Introduction: The osteogenic potential of human adipose-derived stromal cells (hASCs), the ease of cell procurement, and the shortcomings of conventional skeletal reconstruction call for further analysis of the molecular mechanisms governing hASC osteogenic differentiation. We have examined the expression profile of the human transcriptome during osteogenic differentiation of ASCs using microarray. Subsequently, we analyzed those genes related to osteogenesis that have not been previously studied about hASCs. We have preliminarily assessed the role of IGFBP3, TGF-B3, TNC, CTGF, DKK-1, and PDGFRB in hASC osteogenic differentiation.
Methods: We compared the expression profile of undifferentiated hASCs to that of hASCs treated with osteogenic differentiation medium for 1, 3, or 7 days using the Human Exonic Evidence-Based Oligonucleotide chip. Genes significantly overexpress or underexpressed were validated with quantitative reverse transcription-polymerase chain reaction. The osteogenic capability of ASCs was verified by Alizarin Red staining.

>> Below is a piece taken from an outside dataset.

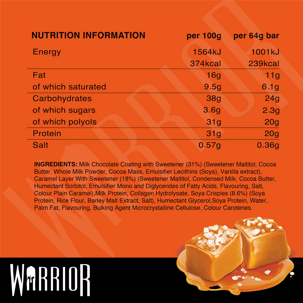 CRUNCH bars are packed with 20 grams of healthy protein, encased in a layer of gorgeously gooey caramel, and wrapped in delicious chocolate. Warrior CRUNCH bars have almost as much protein as a chicken breast, yet taste like a Michellin starred desert. Just 2.3g's of sugar per bar, and 2.3g of impact carbs, Warrior CRUNCH is the perfect protein bar for dieting, eating clean, and keeping lean all year round.

Results: IGFBP3, TGF-B3, TNC, CTGF, and PDGFRB were all upregulated in early osteogenesis, and TGF-B3, TNC, and PDGFRB were upregulated in late osteogenesis by microarray and quantitative reverse transcription analysis. In contrast, DKK-1 was downregulated in early and late osteogenesis. Alizarin Red staining showed a significant increase in mineralization in hASCs, even after 1 day in osteogenic differentiation medium.
Conclusions: Factors that commit hASCs to an osteogenic pathway remain largely unknown. We have described 6 genes that play key roles in hASC osteogenic differentiation. We plan to further exploit these data via in vitro treatment of hASCs with these soluble cytokines and in vivo translation using a nude mouse calvarial defect model.